----- Dataset content -----

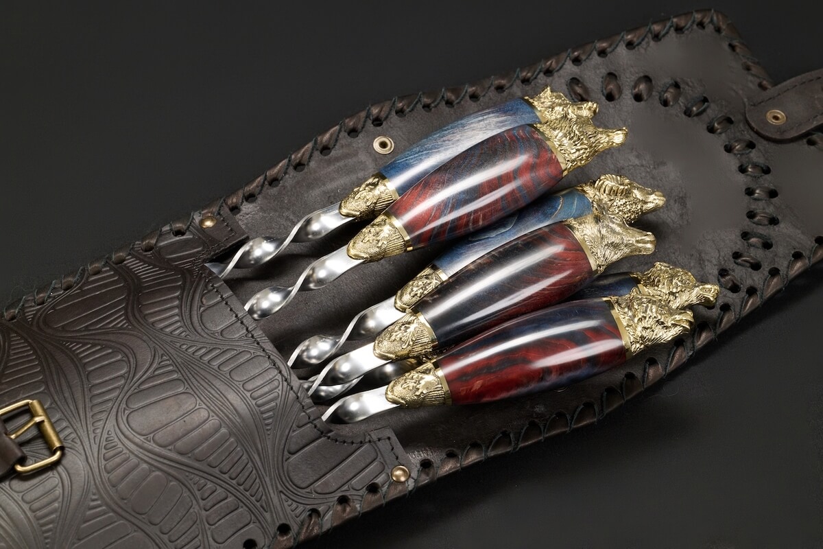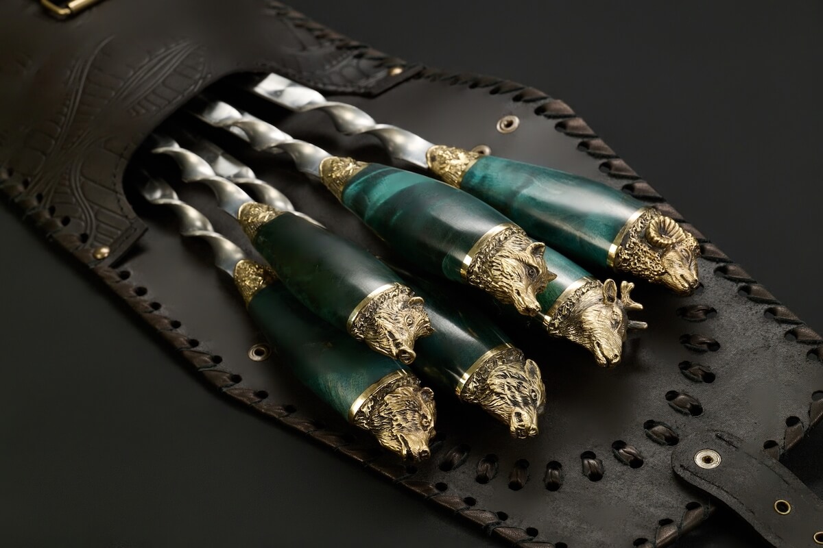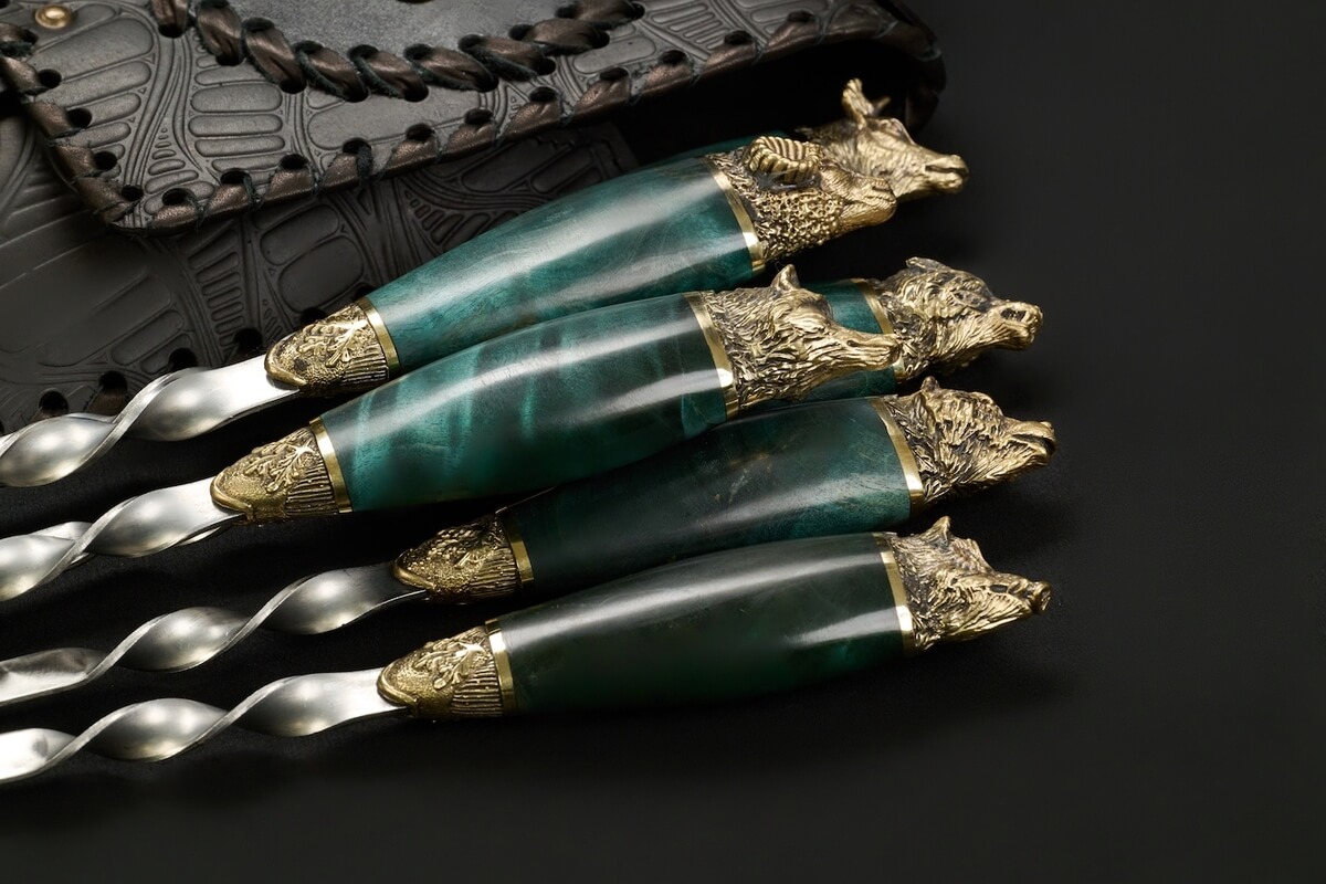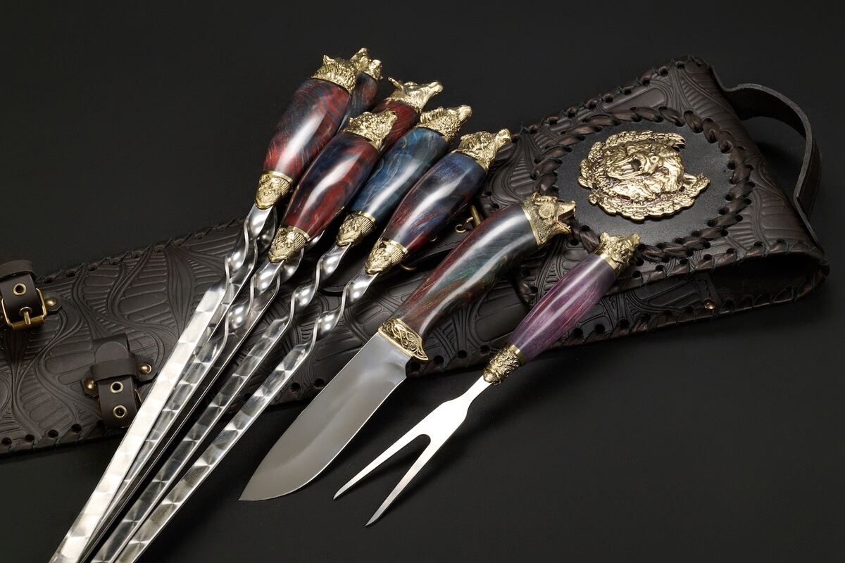 Рабочая часть шампуров изготовлена из высококачественной нержавеющей стали. Каждый экземпляр изготавливается вручную российскими мастерами, что гарантирует уникальность и высочайшее качество.
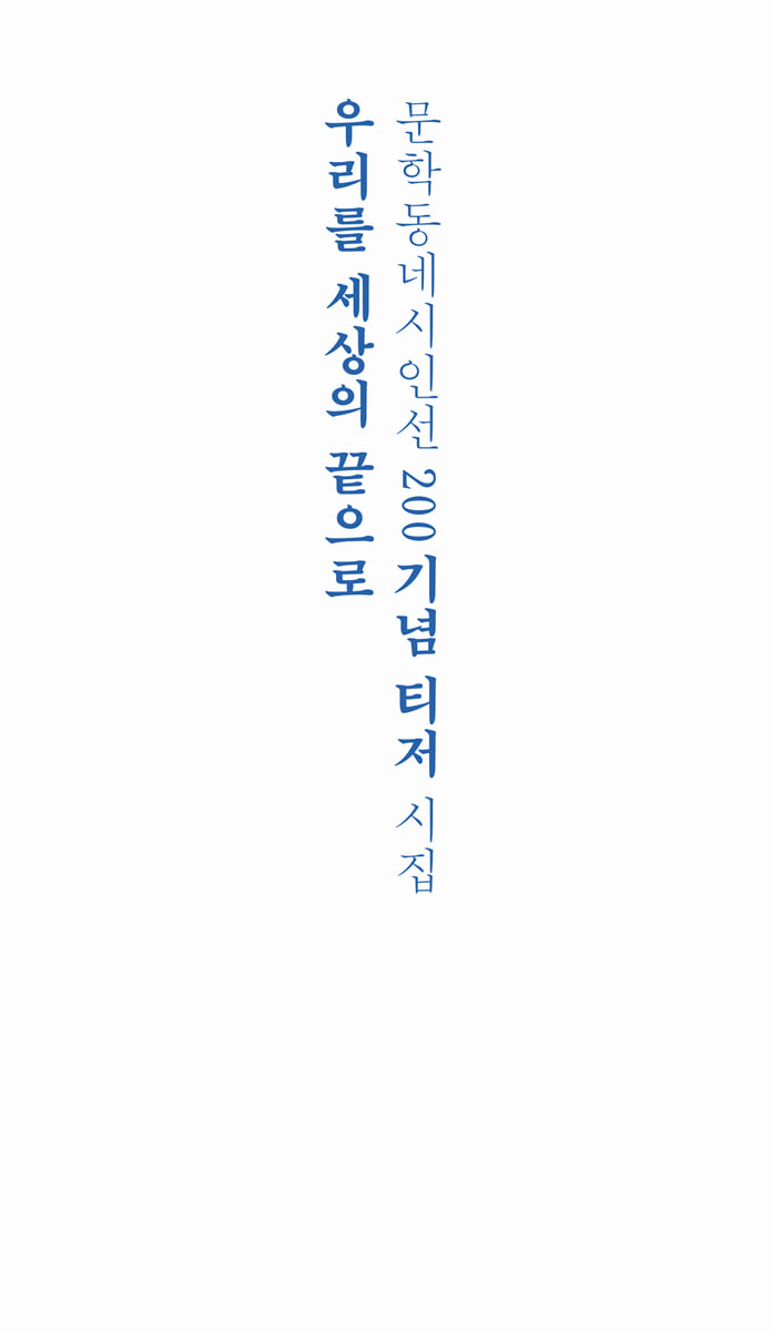 Un monde où ni les poètes ni les lecteurs ne peuvent plus supporter la souffrance, et où la seule souffrance réside dans l'inquiétude face à un tel monde. — Shin Hyeong-cheol, membre du comité d'organisation de la sélection poétique de Munhakdongne, extrait de « Nous jusqu'au bout du monde » (Préface)
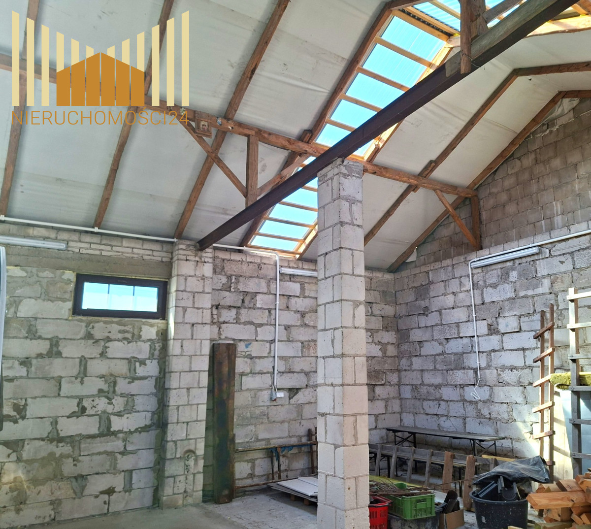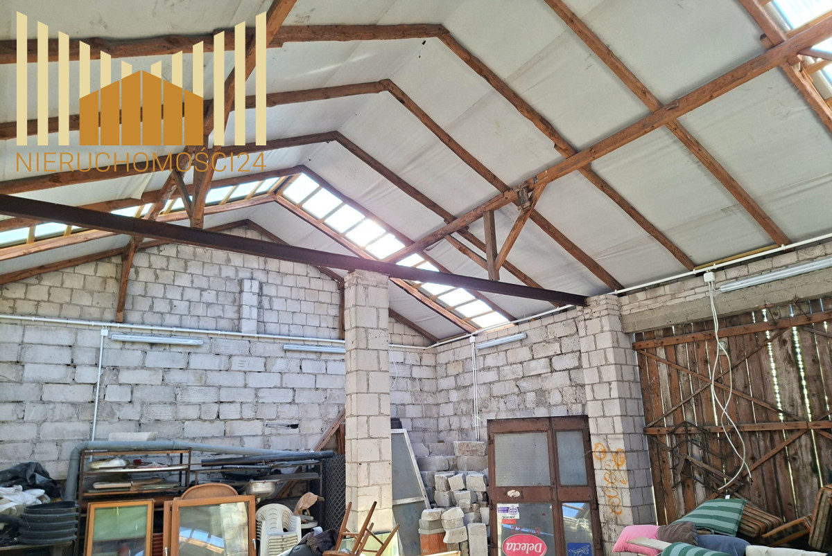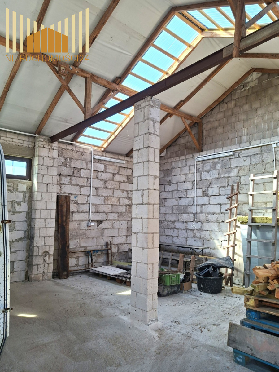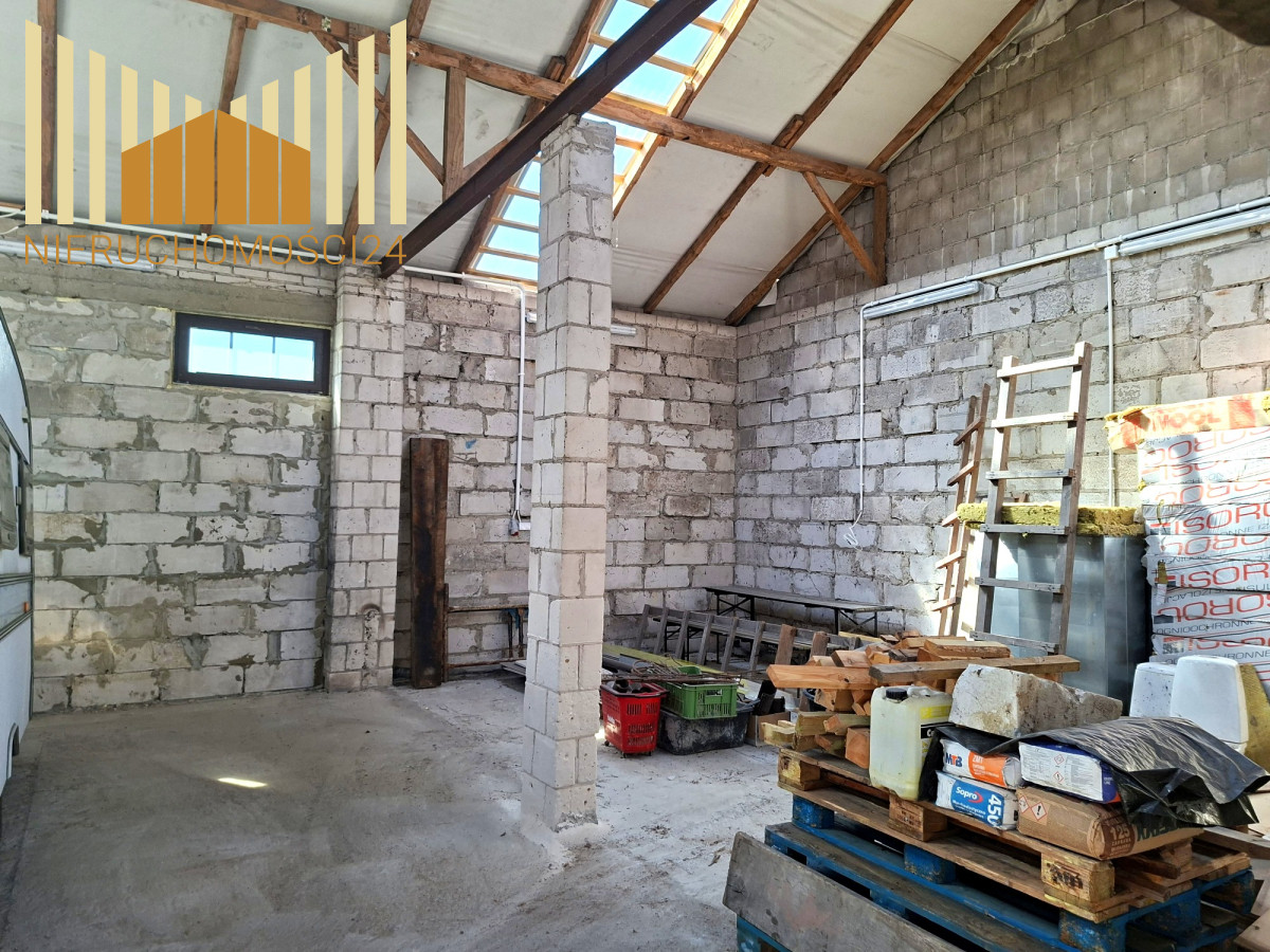 Na działce znajdują się dwa budynki gospodarcze . Jednym z nich jest 150 metrowa stodoła murowana , kryta blachą , z wylaną posadzką betonową . Pomieszczenie możliwe do zaadoptowania na magazyn lub warsztat .
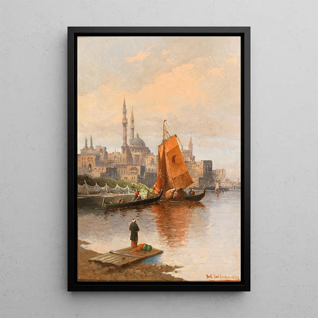 Konsttrycket av Partie de Constantinople fördjupar oss i ett förtrollande konstverk, där det gyllene solljuset reflekteras på Bosporen. Karl Kaufmann lyckas fånga essensen av denna mytiska stad, med dess silhuetter av moskéer och traditionella båtar som seglar lugnt. De livfulla färgerna och de minutiösa detaljerna i detta verk framkallar en atmosfär av lugn och mystik, och bjuder in betraktaren att utforska Konstantinopels under. Varje element i kompositionen tycks vibrera av ett eget liv, vilket vittnar om konstnärens obestridliga talang.
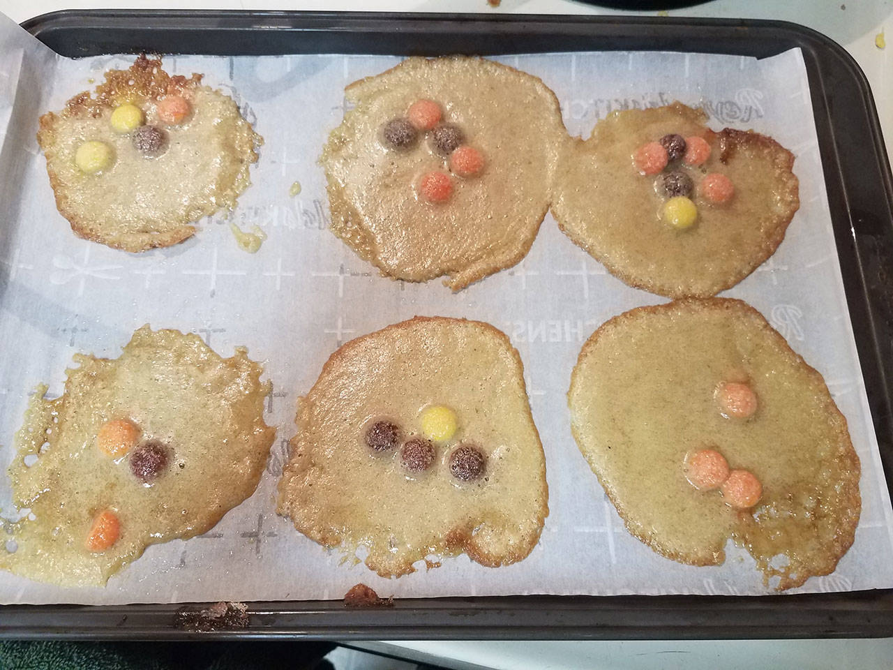 And the first batch spread across the cookie sheet and was entirely liquid when I took it out after five minutes. The edges were browning, though, so I figured they were as solid as they were going to get.

-----

▶ _Work instruction_
The lines from the one containing "Na działce znajdują" to the final line of the material, both ends included, should be retyped exactly and alone, with no pictures.

▶ _Reply_
 Na działce znajdują się dwa budynki gospodarcze . Jednym z nich jest 150 metrowa stodoła murowana , kryta blachą , z wylaną posadzką betonową . Pomieszczenie możliwe do zaadoptowania na magazyn lub warsztat .
 Konsttrycket av Partie de Constantinople fördjupar oss i ett förtrollande konstverk, där det gyllene solljuset reflekteras på Bosporen. Karl Kaufmann lyckas fånga essensen av denna mytiska stad, med dess silhuetter av moskéer och traditionella båtar som seglar lugnt. De livfulla färgerna och de minutiösa detaljerna i detta verk framkallar en atmosfär av lugn och mystik, och bjuder in betraktaren att utforska Konstantinopels under. Varje element i kompositionen tycks vibrera av ett eget liv, vilket vittnar om konstnärens obestridliga talang.
 And the first batch spread across the cookie sheet and was entirely liquid when I took it out after five minutes. The edges were browning, though, so I figured they were as solid as they were going to get.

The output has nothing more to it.